A simple and lightweight C++11 library to easily set up genetic algorithms.
This library was written to provide a complete - yet easy-to-use - C++ solution to set up genetic algorithms.
- Single C++11 header file without external dependencies
- Handles 3 types of selection: roulette wheel selection, stochastic universal sampling and tournament selection
- Handles chromosomes with varying lengths
- Can run the algorithm in a separate thread to allow the user to stop it whenever he wants to (can be useful with a GUI on top for example)
You need to create a class inheriting SGA::GeneticAlgorithm and implement the 2 pure virtual functions.
One way to do this is to follow these instructions:
- Open genetic_algorithm.cpp (in subclass_template) and copy its contents to your code
- Replace
myTypeby the type of your genes (int,floator a custom class for instance) - Implement the 2 functions
randomType()andscore() - Optionally implement the
print()function - Copy the library (sga.hpp) next to genetic_algorithm.cpp (or another include path)

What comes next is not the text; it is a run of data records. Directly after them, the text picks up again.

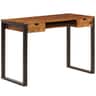 Αυτό το γραφείο από μασίφ ξύλο sheesham, το οποίο διαθέτει 2 συρτάρια και ράφι για πληκτρολόγιο, αποπνέει μια vintage γοητεία που θα το καταστήσει μια ξεχωριστή προσθήκη στο σπίτι ή τον επαγγελματικό σας χώρο. Μπορεί, επίσης, να χρησιμοποιηθεί ως τραπέζι κονσόλα ή γραφείο υπολογιστή. Το σώμα του γραφείου είναι κατασκευασμένο από μασίφ ξύλο sheesham. Το sheesham είναι ένα τροπικό σκληρό ξύλο, γνωστό και ως rosewood ή παλίσανδρος, το οποίο είναι δημοφιλές για τα έντονα νερά του. Οι διαδικασίες του γυαλίσματος, του βαψίματος και του λουστραρίσματος είναι περίτεχνα ολοκληρωμένες, ενώ η δεξιοτεχνία κατασκευής και τα όμορφα νερά του ξύλου καθιστούν το κάθε έπιπλο μοναδικό και ελαφρώς διαφορετικό από το επόμενο. Το γραφείο είναι σταθερό και ανθεκτικό, ενώ ομορφαίνει τον χώρο σας. Οι εντυπωσιακές χειροποίητα σκαλισμένες λεπτομέρειες και τα ατσάλινα πόδια συνδυάζονται αρμονικά σε αυτό το έπιπλο. Τα 2 συρτάρια παρέχουν άπλετο χώρο για να διατηρείτε οργανωμένα και εύκολα προσβάσιμα τα έγγραφά σας και άλλα αναλώσιμα γραφείου. Το γραφείο συναρμολογείται εύκολα. Σημαντική σημείωση: Τα χρώματα και τα νερά του ξύλου ενδέχεται να διαφέρουν από κομμάτι σε κομμάτι, καθιστώντας το καθένα από τα γραφεία μας μοναδικό. Η επιλογή γίνεται τυχαία.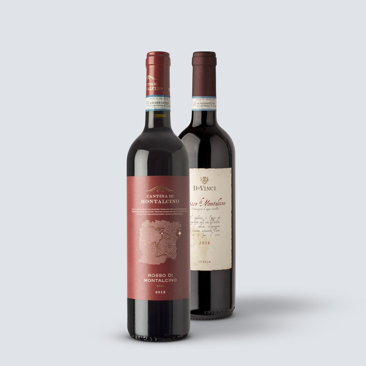 1 Rosso di M. 2018 + 1 Rosso di M. 2016, 3x Rosso di Montalcino 2018, 3x Rosso di Mont. Da Vinci 2016, 6x Rosso di Montalcino 2018, 6x Rosso di Mont. Da Vinci 2016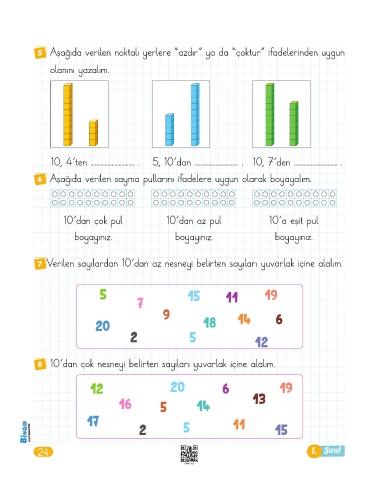6 Aşağıda verilen sayma pullarını ifadelere uygun olarak boyayalım.

- Don't forget to enable C++11 support for your compiler (
-std=c++11for GCC) and link to-pthread(if you use the non-blocking option)
This libray is licensed under the Do What The Fuck You Want Public License.
- Finish test
- Finish example 2
- Finish example 3
- Add novelty search
- Add algorithm clusters
- Add pictures to readme
One of the basic activities of living organisms is to reproduce.

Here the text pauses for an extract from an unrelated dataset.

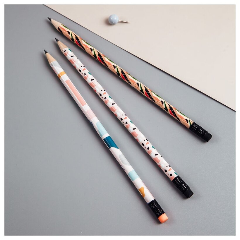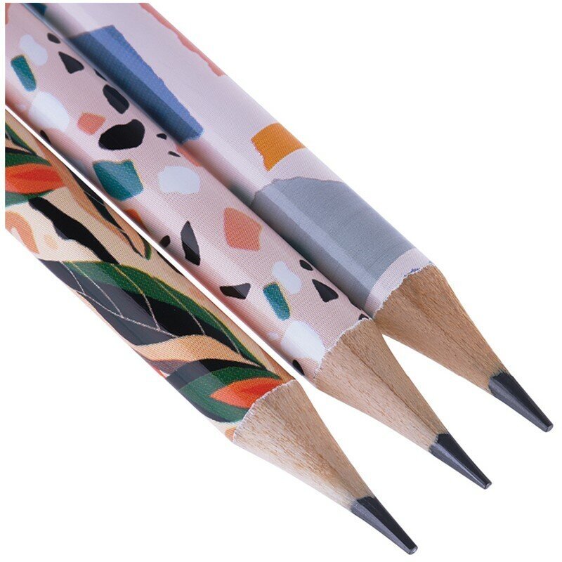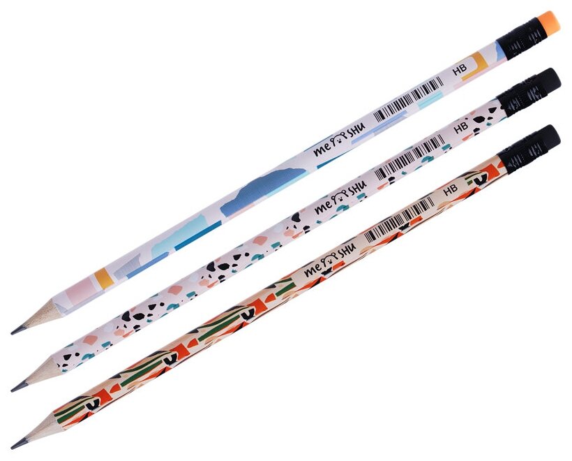 Набор чернографитных карандашей MESHU с печатью на корпусе и ластиком станет лучшим помощником в школе или офисе. Карандаши представлены в круглом корпусе в трёх разных дизайнах и упакованы в пакет с европодвесом. Твердость грифеля – HB, диаметр – 2,2 мм, длина карандаша – 190 мм. Изготовлены из светлого дерева. В наборе 3 карандаша.

Reproducing (usually) requires two individuals. The couple will be formed depending on many parameters: whoever is here at that precise time, which one is the strongest, etc. We will call this process the selection.
When reproducing, the two individuals share their chromosomes. They exchange genes which encode traits, creating a new and unique individual. This is the recombination.
Also, during the reproduction, mutations can happen within the chromosomes and create completely new traits.
Thanks to these two last steps, individuals with new abilities will join their siblings. These new abilities might be terrible and they will die quickly, or they might be very well suited to their environment and allow them to live longer. Hence, they will probably reproduce more and the new ability will spread inside the species. This is the very basics of natural selection.
Genetic algorithms mimic natural selection to find solutions to problems.
Let's say you have a problem you don't know how to solve, but you can however evaluate potential solutions. The most simple thing to do is to randomly try every solution until you find the best one (brute-force technique). Of course, it will be very computationally expensive, and there's certainly a way you can do better. Here come, among others, genetic algorithms.
Let's first define some terms:
- A population is a set of chromosomes
- A chromosome is a set of genes
- A gene is a value of a certain type, as chosen by the programmer (historically a gene is a bit and chromosomes are bit strings)
NB: Here, what we call a gene should actually be a nucleotide but hell, we're not biologists.
Here is what genetic algorithms do, on a high level of abstraction:
- Randomly generate a population of chromosomes
- Repeat until ending criterion is met (eg. a good enough chromosome was found):
- Evaluate all the individuals (compute a fitness score)
- Select two individuals
- Recombine them (cross their genes)
- Operate some mutations with a low probability
We will now detail the three main operations, also known as genetic operators.
How do we select which individuals will mate?
Fitness proportionate selection
This technique, also called roulette wheel selection, works by attributing the slots of a roulette wheel to the individuals of the population and then randomly picking one of them (just like if we spinned the wheel). However, the size of the slots are proportional to the fitness scores of the individuals. Hence, a better individual will have more chances to get picked.
TL;DR: randomly pick an individual with more probability for better individuals.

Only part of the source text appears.